Liver-related biomarkers

This study found that higher circulating concentrations of AST were associated with a lower prostate cancer risk, although there was no association after excluding the first 4 years of follow-up. This is, to our knowledge, the first prospective study of the association between these liver-related biomarkers and prostate cancer risk and more studies with longer follow-up are needed to further investigate this possible association. Only three previous prospective studies have examined the association between non-alcoholic fatty liver disease and prostate cancer risk, and the results were inconsistent.39,40,41

Study strengths and limitations

To the best of our knowledge, this is the largest prospective study looking at a wide range of biomarker measurements and prostate cancer incidence and mortality data. The UK Biobank has measured a panel of biomarkers in blood samples from the entire cohort, including biomarkers that have not been previously studied in prostate cancer analyses. Moreover, repeated measurements of biomarkers were available for a subsample of repeat blood specimens collected 4 years after recruitment, which has made it possible for us to adjust estimates of associations between biomarkers and risk for regression dilution bias.18 In addition, this is a relatively young cohort, which permits examination of factors related to earlier onset prostate cancer. Many covariates, such as adiposity measurements or blood pressure, were assessed by trained research clinic staff instead of being self-reported.
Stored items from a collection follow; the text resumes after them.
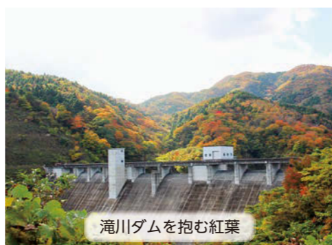
滝川ダムを抱む紅葉
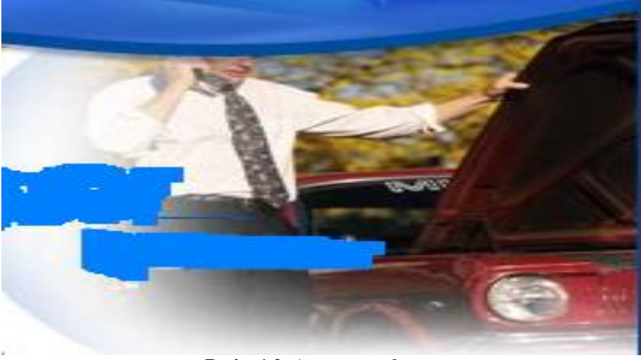
Resim 1.2: Aracın arızalanması
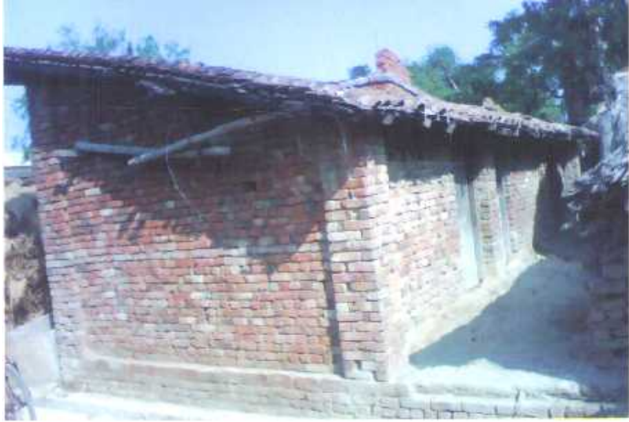
चिडिमर जातीको खपराले छाएको घर
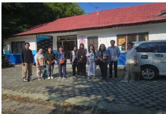
Gambar 1. Foto Bersama di depan Kantor Program Studi Sebelum Berangkat ke Lokasi Pengabdian

Bagian ini menyajikan berbagai dokumentasi kegiatan pengabdian kepada masyarakat yang telah dilaksanakan oleh tim pelaksana. Dokumentasi ini tidak hanya berfungsi sebagai bukti visual atas pelaksanaan program, tetapi juga merepresentasikan proses, keterlibatan, serta dinamika interaksi antara tim pengabdian dan mitra sasaran. Melalui dokumentasi tersebut, diharapkan pembaca, khususnya para peneliti dan praktisi, dapat memperoleh gambaran yang lebih komprehensif mengenai jalannya kegiatan, strategi pelaksanaan, serta dampak awal yang terlihat dari intervensi yang dilakukan. Penyajian ini menjadi bagian penting dalam pelaporan, karena mendukung transparansi kegiatan.
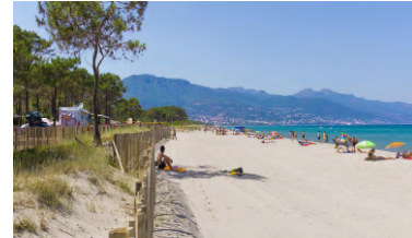
Informations sous réserve de modification

This study also has several limitations. Although UK Biobank includes participants from multiple regions across the UK, including deprived areas, it is not a representative sample of the whole UK population11 and this cohort may have suffered from selection bias,42 although the direction of risk factor associations in the UK Biobank seem to be generalisable.43 As in every observational study, there may be some residual confounding by unmeasured risk factors. Some of the results may be influenced by detection bias, as comorbidities may affect both biomarker concentrations and prostate specific antigen test attendance and/or results. Moreover, the blood samples of the current study are non-fasting and we do not have 24-h urine samples, and therefore, some biological measurements may have been affected by time since last meal. While we performed sensitivity analyses excluding the first 4 years of follow-up some of the associations may be due to reversed causality, as the follow-up is relatively short. Moreover, due to the small number of prostate cancer deaths we had limited power to find associations. While we have hypotheses for some of the biomarkers, we do not have a hypothesis for others as they have not previously been assessed in relation to prostate cancer, and some of the analyses using these biomarkers were exploratory. Finally, as in other epidemiological studies, there may be some misclassification of the underlying cause of death; furthermore, information on tumour characteristics, such as tumour stage and Gleason grade, is currently unavailable in the UK Biobank.
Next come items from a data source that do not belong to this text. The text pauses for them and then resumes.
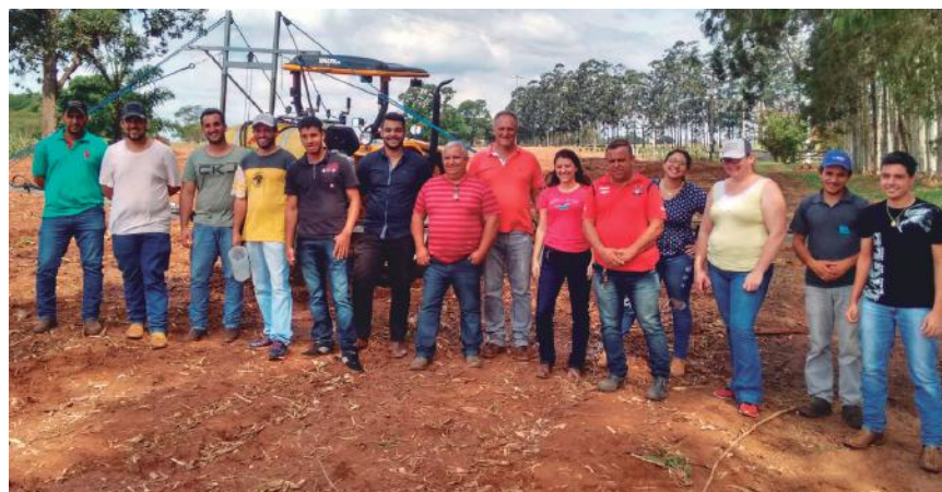
Participantes do mesmo curso (aplicação de agrotóxicos com pulverizador de barras) no sítio da Uniara em Araraquara
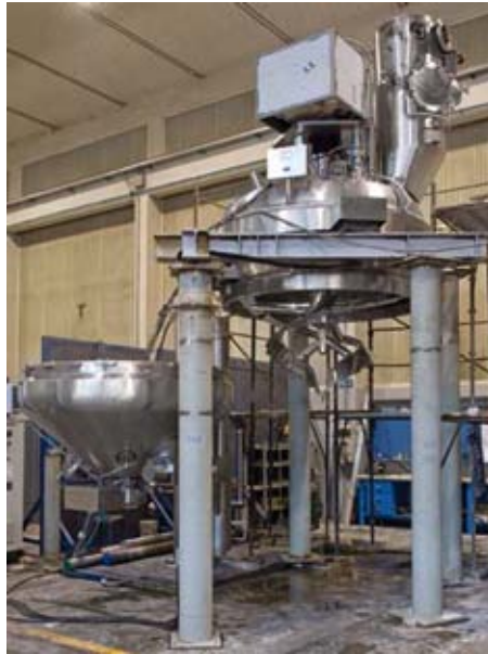
Condry ® TDC 3500 mit abgesenktem konischem Unterteil

Die Condry ® Vakuum-Schaufel-trockner in vertikaler Bauart mit konischem Boden-Unterteil wurden als äußerst universell einsetzbare Trockner konzipiert. Diese Trocknerbauart bewährt sich speziell für das Trocknen schwieriger Produkte, wie Produkte, die zur Bildung von Agglomeraten neigen, als auch für klebrige oder wärmeempfindliche Produkte.
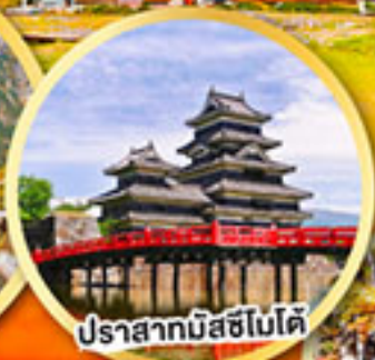
ปราสาทมัสชิโมโด้
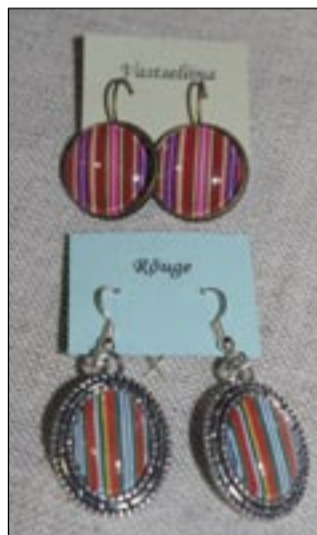
Vahtsonõ kodokandiperäne kingitüs – uma kihlkunna prundstriibolõdise kõrvarõnga.

10.12. tulõ suur jõululaat Põlva kultuuri- ja huvikeskusõn. 11.12. peetäs jõuluturgu Moosten ja Valgjärvel.
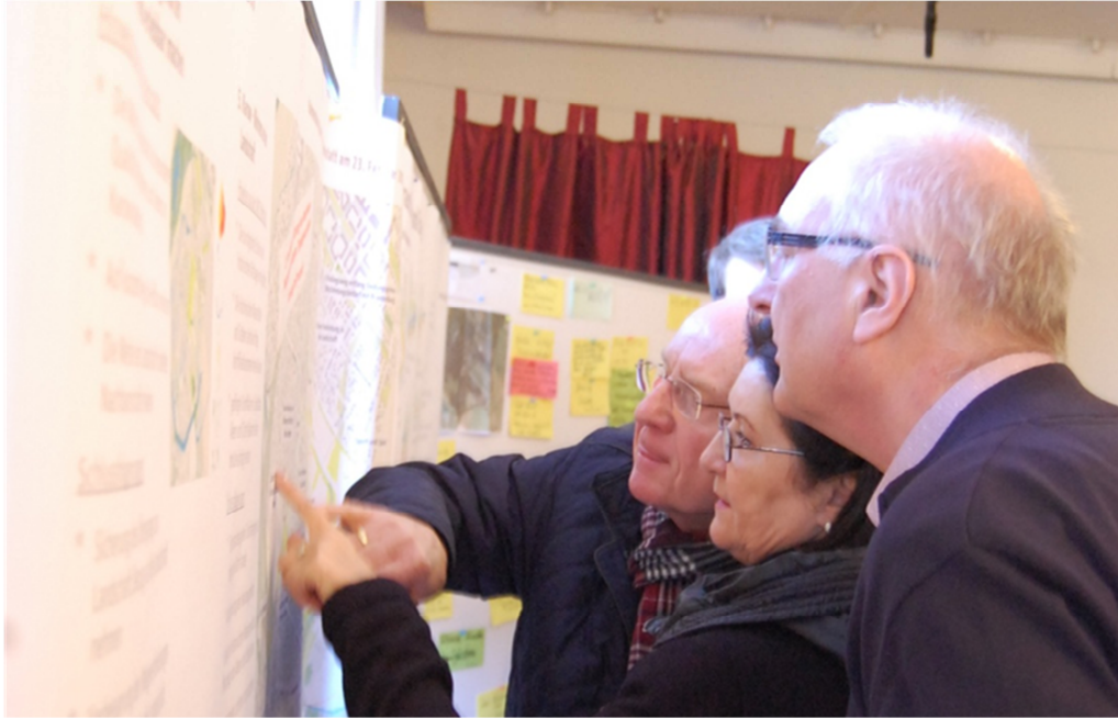
Abbildung 5: Darstellung der Entwicklungsziele auf großflächigen Plakaten und Plandarstellungen

Im Folgenden werden die von den Fachplaner*innen aus der Beteiligung abgeleiteten sieben Entwicklungsziele vorgestellt.
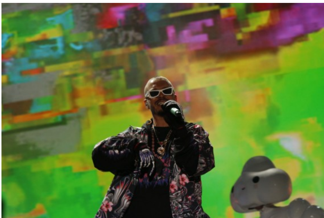
Una de les grans figures de reggaeton, el colombià J Balvin

L'irlandesa Róisín Murphy ha anat tancant l'edició d'enguany al Parc del Fòrum a dos quarts de tres de la matinada a l'escenari Primavera. Murphy ha celebrat amb força la seva tornada als escenaris interpretant temes d'àlbums com Hairless Toys (Clams & Clogs, 2015) i Take her up to Monto (RMS Studios, 2016). La seva electrònica pop va fer ballar al públic per acomiadar els concerts d'aquesta edició del Primavera Sound.
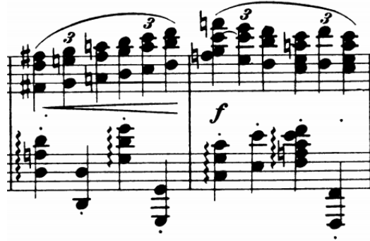
Slika 12 - t. 41-42

se javlja između desne i lijeve ruke dodatni je problem kojeg na ovim mjestima treba riješiti.

In conclusion, we have reported a range of possible novel biomarkers for prostate cancer incidence and mortality in this large UK prospective study. Since some of these analyses were exploratory, these results should be interpreted carefully. Future analyses will include research by tumour characteristics, which will help to determine whether these associations may be due to differences in the likelihood of being diagnosed and/or differences in the risk of developing clinically important prostate cancer.